Saturday, September 20, 2008

Topsy-turvy Japan

... Japan is a captive of its investment in the United States economy and its central bank has no real alternative other than to hold on to the massive amounts of U.S. Treasury bonds it owns and work hard to help clean up the mess on Wall Street, Hidehiko Sogano, an associate finance director at the Bank of Japan, said Friday.

"The reason why we stress the importance of stability is that the amount which we have in U.S. assets is so enormous," said Sogano....Washington Post Foreign Service.


TOKYO — Wall Street may be suffering the worst financial storm since the Great Depression, but Japan has felt like an island of Zen-like calm.

Trading data posted in Tokyo on Friday. “The financial crisis looks like fire on a distant shore,” a Japanese economist said.
The world’s second-largest economy has often seemed to be marching to its own drummer, sometimes to Japan’s own disadvantage. But rarely has the disconnect been as stark as during the current financial crisis...

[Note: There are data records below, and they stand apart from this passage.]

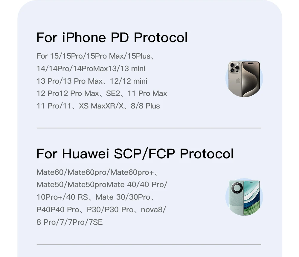 – PD and QC Compatibility: Supports Power Delivery (PD) and Quick Charge (QC) technologies, ensuring broad compatibility with a wide range of modern electronic devices.
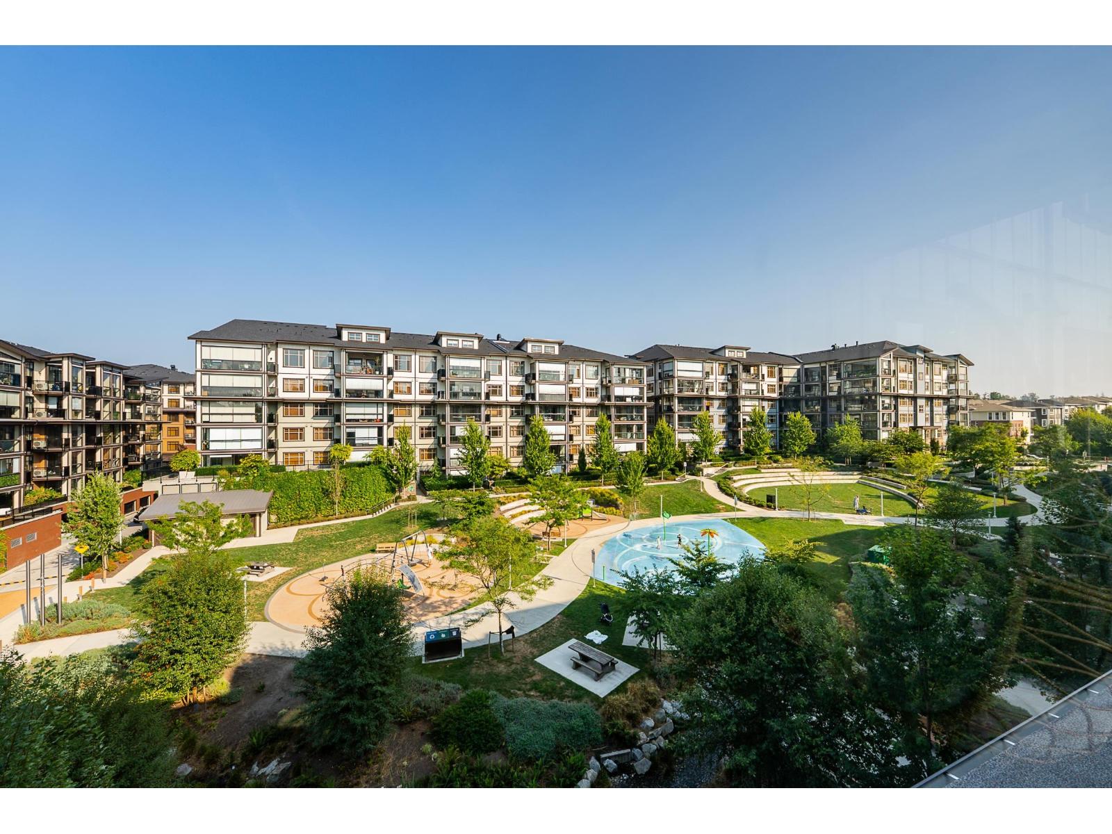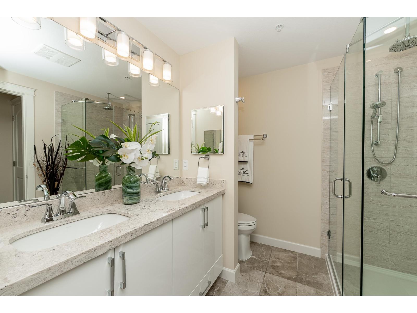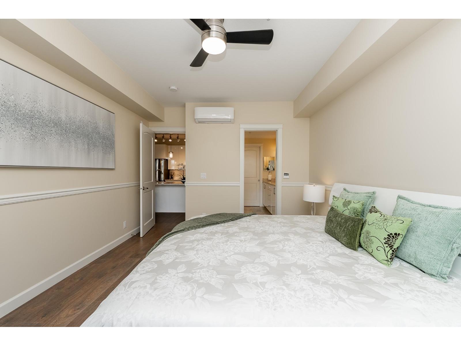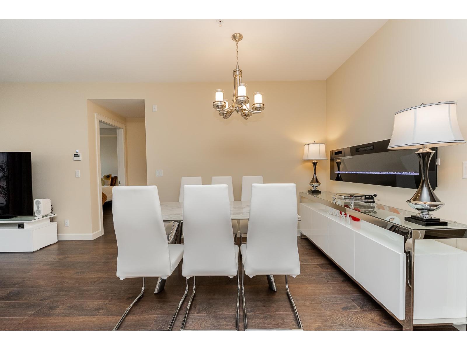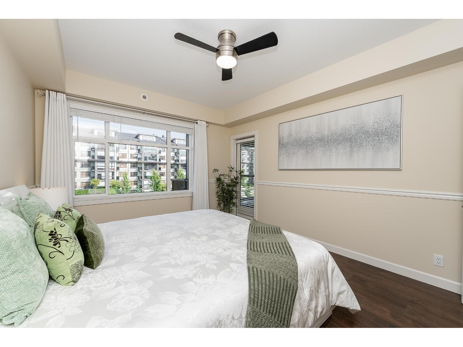 Immaculate and spacious East-facing 3 bedroom + den at sought-after Yorkson Park! Offering 1,583 sq ft of bright and air conditioned living space, plus a 225 sq ft solarium/balcony with retractable glass panels and courtyard views. The gourmet kitchen features a peninsula with seating, gas range and sleek cabinetry, seamlessly connecting to the dining and living area. Designed for year-round enjoyment, the solarium expands your living space. Generous bedrooms include two with luxurious ensuites, double vanities, frameless glass showers, walk-in closets, and access to the solarium. Added features include an energy-efficient heat pump with A/C, gas BBQ hookup, 2 parking stalls, and a storage locker. Conveniently located near Carvolth Exchange, shopping, restaurants, and quick highway access. (id:58403)
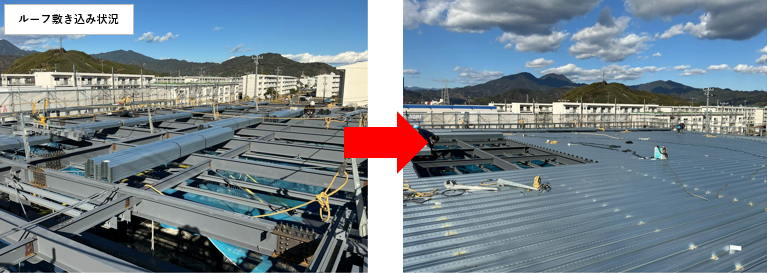 現場では、ルーフの敷き込み作業を行い、建物全体を雨風から守る工程へと進みました。
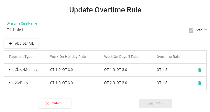 ระบบจะให้เลือกประเภทอัตราค่าล่วงเวลา (OT Type) ตามกฏค่าล่วงเวลา (OT Rules) ที่ตั้งเป็นค่าเริ่มต้นไว้
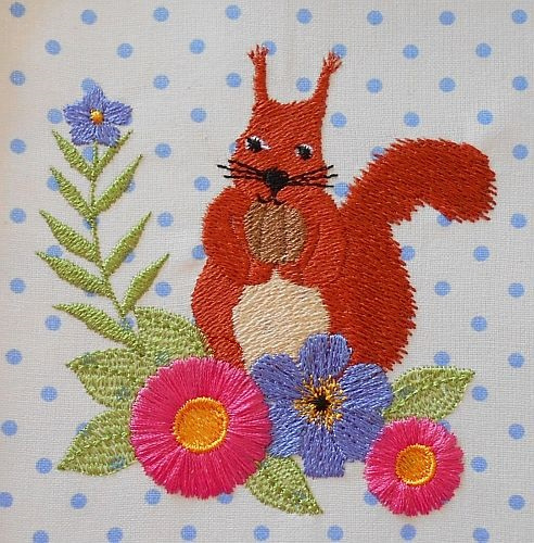| Eichhörnchen - auf Stoff gestickt, mit ungeschnittenen "Fransen"-Blüten | Hier sind sie aufgeschnitten und fransig - die lila Blüten kann man nicht aufschneiden | |

...“It [Japan] doesn’t need money”...

...This blessing has also been a curse to investors, say economists. Its wealth shields Japan from pressures to meet global standards of growth or corporate profitability. This is what allowed the nation to accept near zero growth rates in the 1990s and what permits the survival of Japanese corporate practices like valuing employees and clients over shareholders...Martin Fackler article in the NYT. (Reading the full article is necessary to truly appreciate it.)

Well Zen always explains it. Comedian/actor/director Beat Takashi has said that foreign journalists etc always ask him about Zen influence on his movies, so he will often claim some influence even though there is none. I always assume that whenever someone starts the Zen nonsense that everything to follow is suspect too.

I was a bit surprised to see how nonchalantly Japanese whom I have spoken with (other than those directly affected) have taken the crisis. Had it worsened, the effect on Japan would not be small. But Martin Fackler has discovered otherwise in our mysterious, inscrutable Orient.